• THE RECORDS:

=== Section Start ===

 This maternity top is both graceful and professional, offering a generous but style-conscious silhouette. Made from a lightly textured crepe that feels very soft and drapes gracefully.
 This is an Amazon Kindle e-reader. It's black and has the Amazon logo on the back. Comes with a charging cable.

=== Section End ===
=== Section Start ===

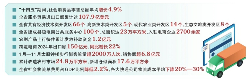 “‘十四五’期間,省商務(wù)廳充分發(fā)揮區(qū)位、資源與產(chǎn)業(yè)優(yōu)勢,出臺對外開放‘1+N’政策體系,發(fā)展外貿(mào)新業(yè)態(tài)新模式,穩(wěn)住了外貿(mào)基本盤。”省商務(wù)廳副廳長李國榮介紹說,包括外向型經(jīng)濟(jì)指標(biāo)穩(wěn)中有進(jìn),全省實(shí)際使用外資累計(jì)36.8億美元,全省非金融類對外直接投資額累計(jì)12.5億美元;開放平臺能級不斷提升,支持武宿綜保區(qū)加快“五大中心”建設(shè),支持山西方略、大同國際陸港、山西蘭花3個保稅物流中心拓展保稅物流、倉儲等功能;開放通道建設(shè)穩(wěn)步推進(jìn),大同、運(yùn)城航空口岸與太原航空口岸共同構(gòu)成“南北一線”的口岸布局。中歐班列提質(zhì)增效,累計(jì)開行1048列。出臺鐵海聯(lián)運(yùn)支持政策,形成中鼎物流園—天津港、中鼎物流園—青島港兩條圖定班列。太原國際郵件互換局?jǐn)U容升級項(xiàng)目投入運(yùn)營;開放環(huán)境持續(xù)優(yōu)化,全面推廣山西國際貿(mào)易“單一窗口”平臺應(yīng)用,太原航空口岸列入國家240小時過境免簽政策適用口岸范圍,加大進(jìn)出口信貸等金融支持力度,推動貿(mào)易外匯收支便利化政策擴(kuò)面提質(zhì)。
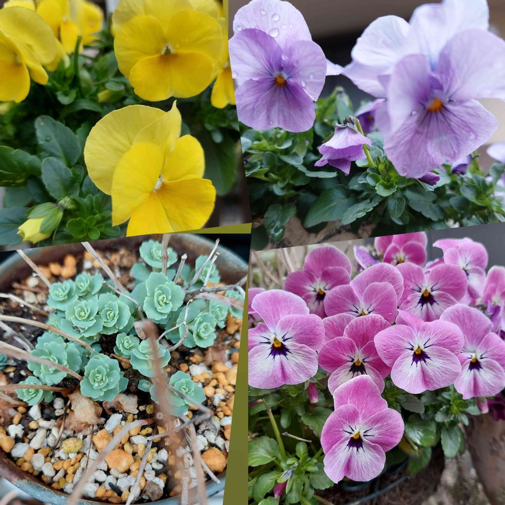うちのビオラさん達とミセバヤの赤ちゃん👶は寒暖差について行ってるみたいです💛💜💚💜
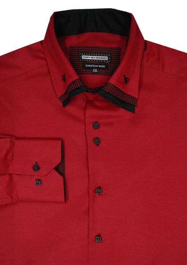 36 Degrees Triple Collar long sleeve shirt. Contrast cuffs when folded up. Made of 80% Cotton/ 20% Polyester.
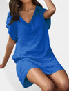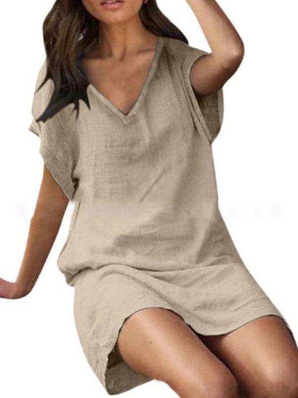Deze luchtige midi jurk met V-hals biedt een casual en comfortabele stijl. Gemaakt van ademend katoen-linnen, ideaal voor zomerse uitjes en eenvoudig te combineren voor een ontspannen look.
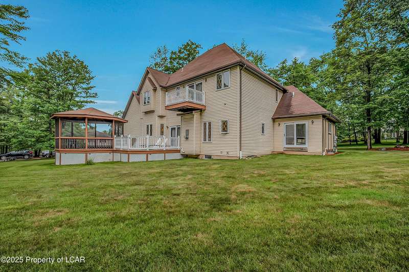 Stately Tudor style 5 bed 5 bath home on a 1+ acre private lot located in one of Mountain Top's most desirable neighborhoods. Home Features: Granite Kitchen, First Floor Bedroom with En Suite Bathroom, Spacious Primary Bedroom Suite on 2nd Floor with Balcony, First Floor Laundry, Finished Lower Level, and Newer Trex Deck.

=== Section End ===
=== Section Start ===

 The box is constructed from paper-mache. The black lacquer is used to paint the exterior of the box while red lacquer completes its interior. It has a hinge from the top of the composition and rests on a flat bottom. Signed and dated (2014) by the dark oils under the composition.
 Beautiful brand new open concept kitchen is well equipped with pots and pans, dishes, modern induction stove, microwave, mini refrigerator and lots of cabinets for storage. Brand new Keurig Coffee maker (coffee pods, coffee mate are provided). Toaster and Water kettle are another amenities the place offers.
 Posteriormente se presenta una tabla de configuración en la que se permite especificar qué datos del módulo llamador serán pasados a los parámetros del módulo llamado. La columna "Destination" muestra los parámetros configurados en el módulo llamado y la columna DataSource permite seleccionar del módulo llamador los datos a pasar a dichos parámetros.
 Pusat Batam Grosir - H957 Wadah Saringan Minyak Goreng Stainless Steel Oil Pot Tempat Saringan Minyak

=== Section End ===

• AIM OF THE EXERCISE: Wherever the line holding "This maternity top" falls in the entries above, copy exactly from it through the line holding "This is an Amazon", inclusive, and add nothing.

• WRITTEN RESPONSE:
 This maternity top is both graceful and professional, offering a generous but style-conscious silhouette. Made from a lightly textured crepe that feels very soft and drapes gracefully.
 This is an Amazon Kindle e-reader. It's black and has the Amazon logo on the back. Comes with a charging cable.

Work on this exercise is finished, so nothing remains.